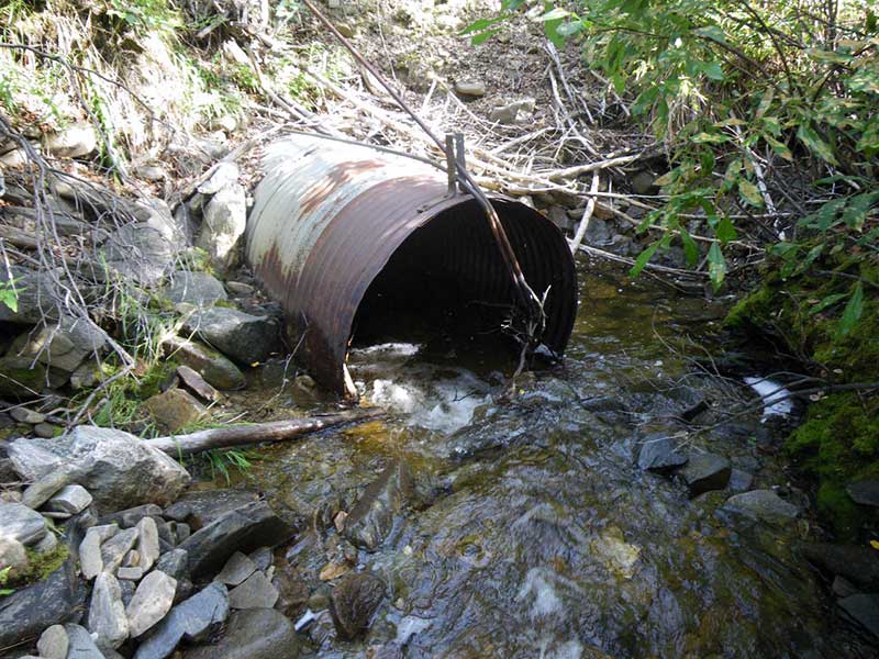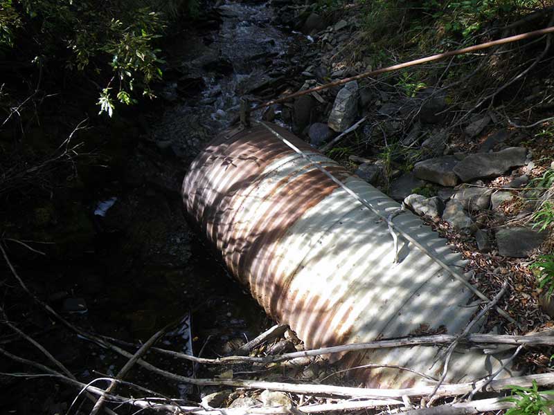ID: 1 Structure Type: Circular pipe (Structural steel plate) Fish Passage Rating: Red
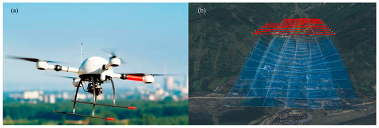 An unmanned aerial vehicle (UAV) and its path in one flight.
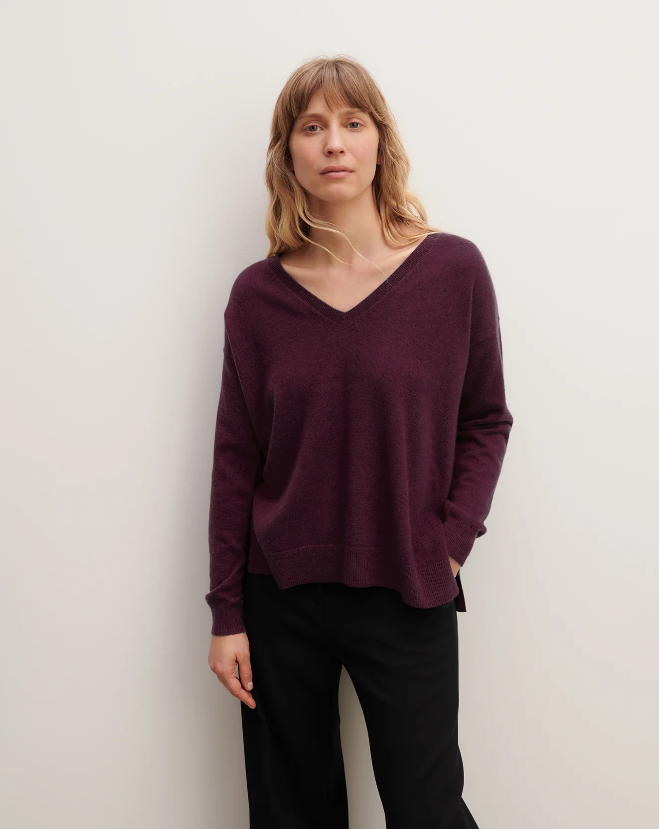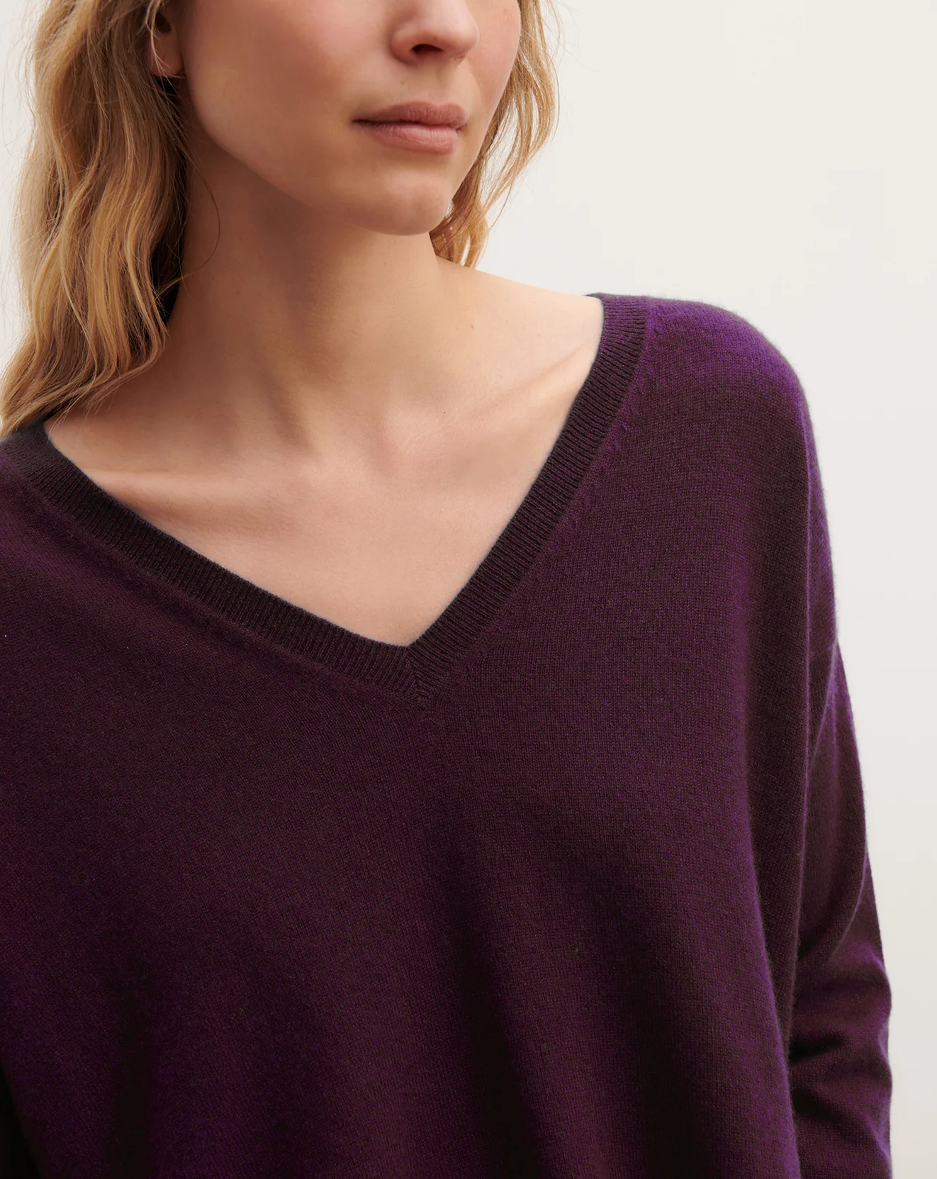 Pull V ample en pur cachemire. Coupe fluide et ample.
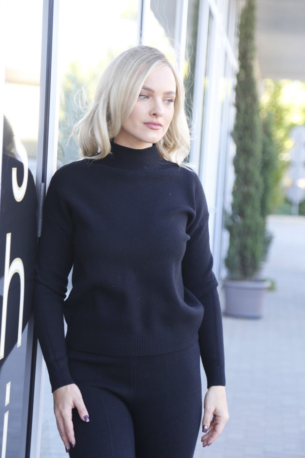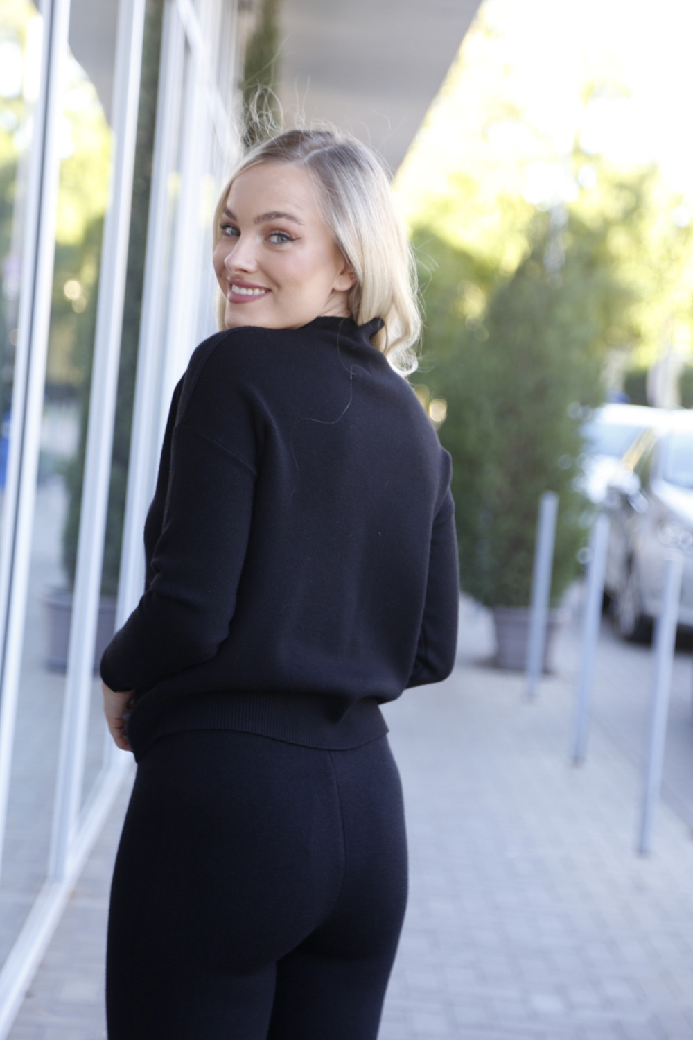 A Lillian kötött szett tökéletes választás azoknak, akik szeretik az elegáns és kényelmes összeállításokat. A szett egy magasnyakú, hosszúujjú felsőből és egy bőszárú nadrágból áll, amely együtt modern, nőies és lezseren elegáns megjelenést biztosít.
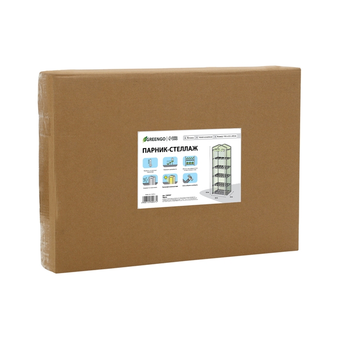 Парник-стеллаж, 5 полок, 193 × 69 × 49 см, металлический каркас d = 16 мм, чехол плёнка 80 мкм, Greengo
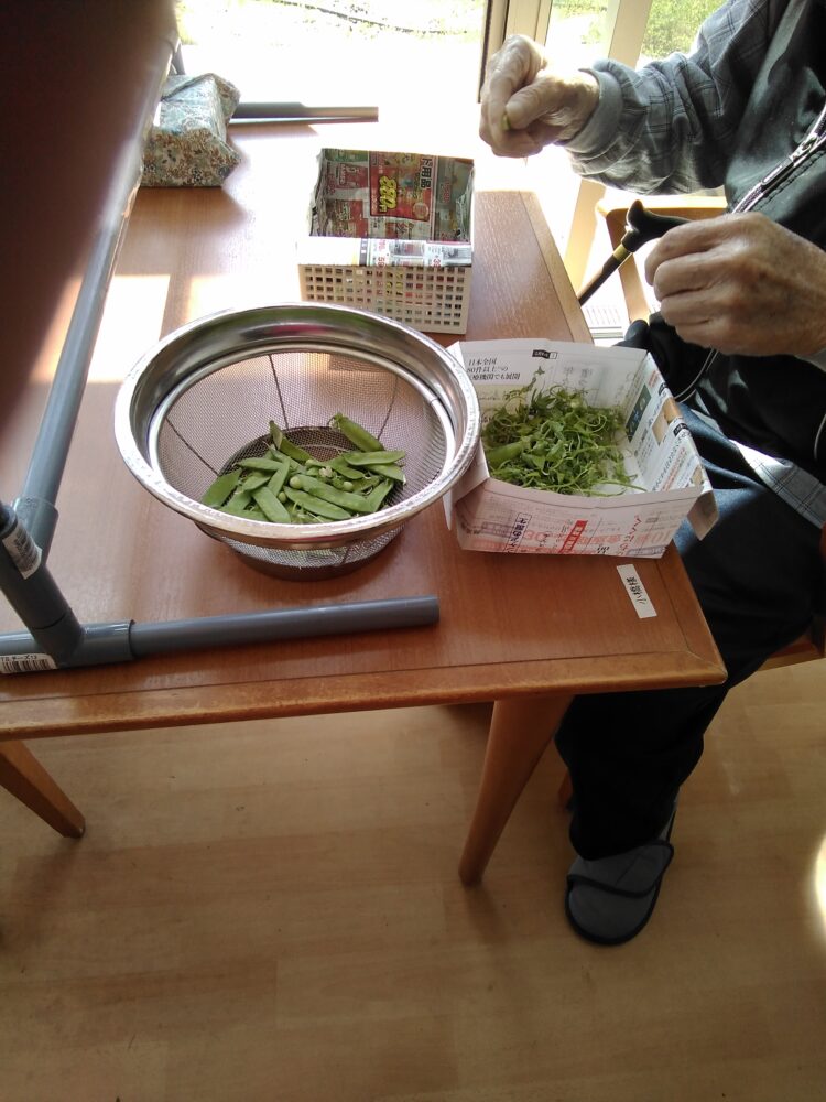2022.04.16 ハートリンク岡山北 お豆~~! みなさんの喜ぶ顔が見たくて、冬に豆の種を蒔きました。 今年初挑戦です! そして・・・ 見事期待に応えて大きく伸びて、いっぱいお豆をつけてくれましたヽ(^o^)丿 きぬさやの筋を取って下さり、職員さんが美味しく味付けしてくれて、昼食に^^ とーっても皆さん喜んで下さいましたのです(^^♪ まだまだこれからも食べれそうですヨ そら豆も花を咲かせています! お楽しみに~! 一覧ページに戻る
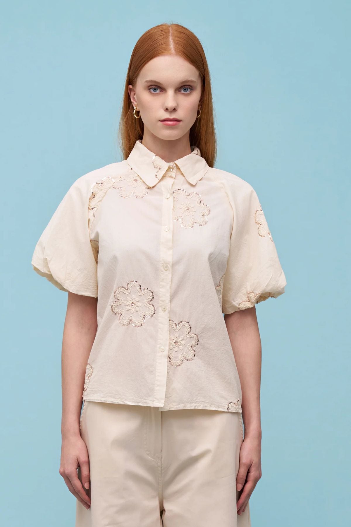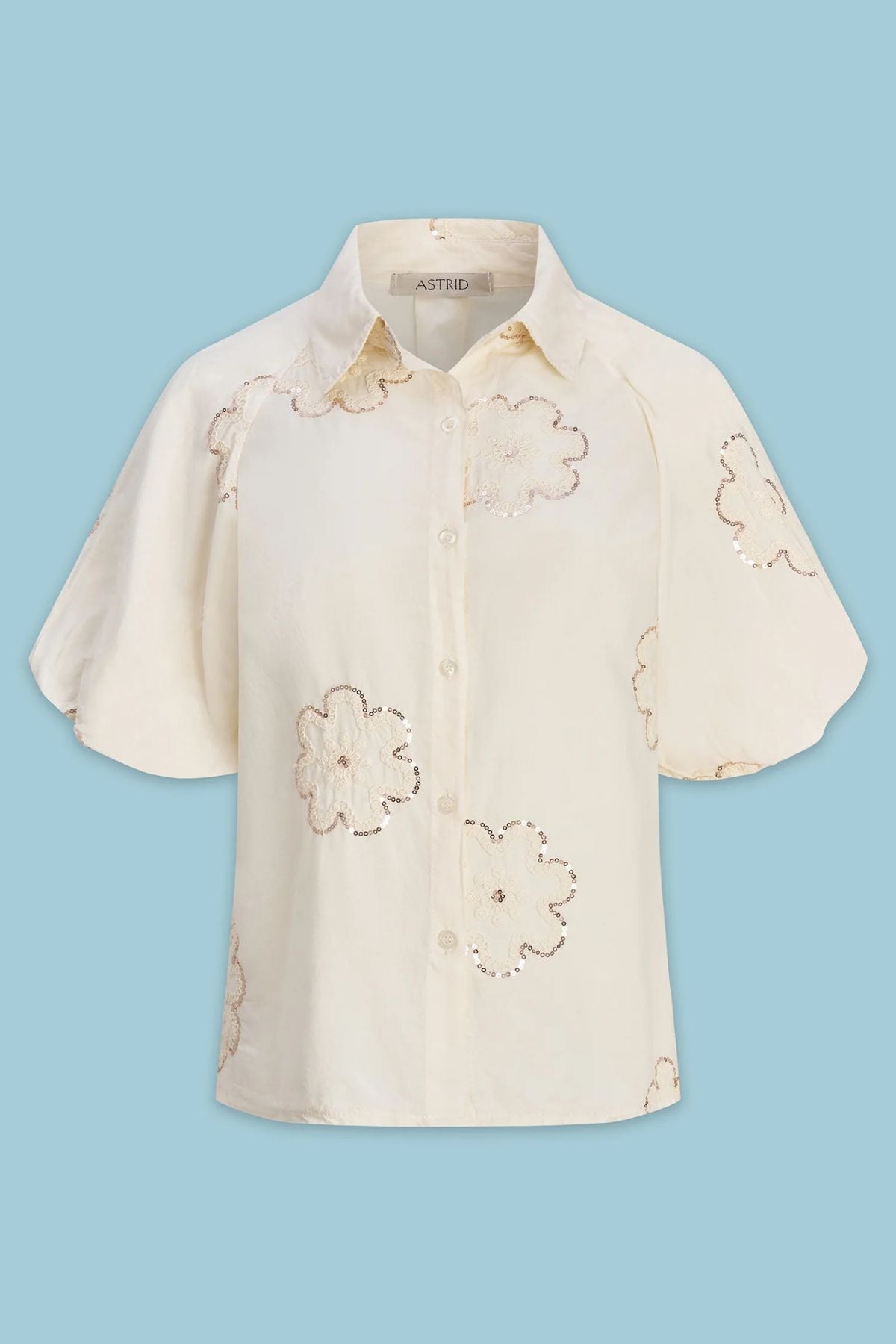 Astrid cream woven top featuring delicate tonal floral embroidery, a classic collar, button front, and soft puff sleeves for an elegant, feminine look.

----------

- What is being asked: Every line from the one containing "2022.04.16 ハートリンク岡山北 お豆~~!" through the last line of the listing must be written out again exactly, and no other line. Leave the pictures aside.

- Answer box:
2022.04.16 ハートリンク岡山北 お豆~~! みなさんの喜ぶ顔が見たくて、冬に豆の種を蒔きました。 今年初挑戦です! そして・・・ 見事期待に応えて大きく伸びて、いっぱいお豆をつけてくれましたヽ(^o^)丿 きぬさやの筋を取って下さり、職員さんが美味しく味付けしてくれて、昼食に^^ とーっても皆さん喜んで下さいましたのです(^^♪ まだまだこれからも食べれそうですヨ そら豆も花を咲かせています! お楽しみに~! 一覧ページに戻る
 Astrid cream woven top featuring delicate tonal floral embroidery, a classic collar, button front, and soft puff sleeves for an elegant, feminine look.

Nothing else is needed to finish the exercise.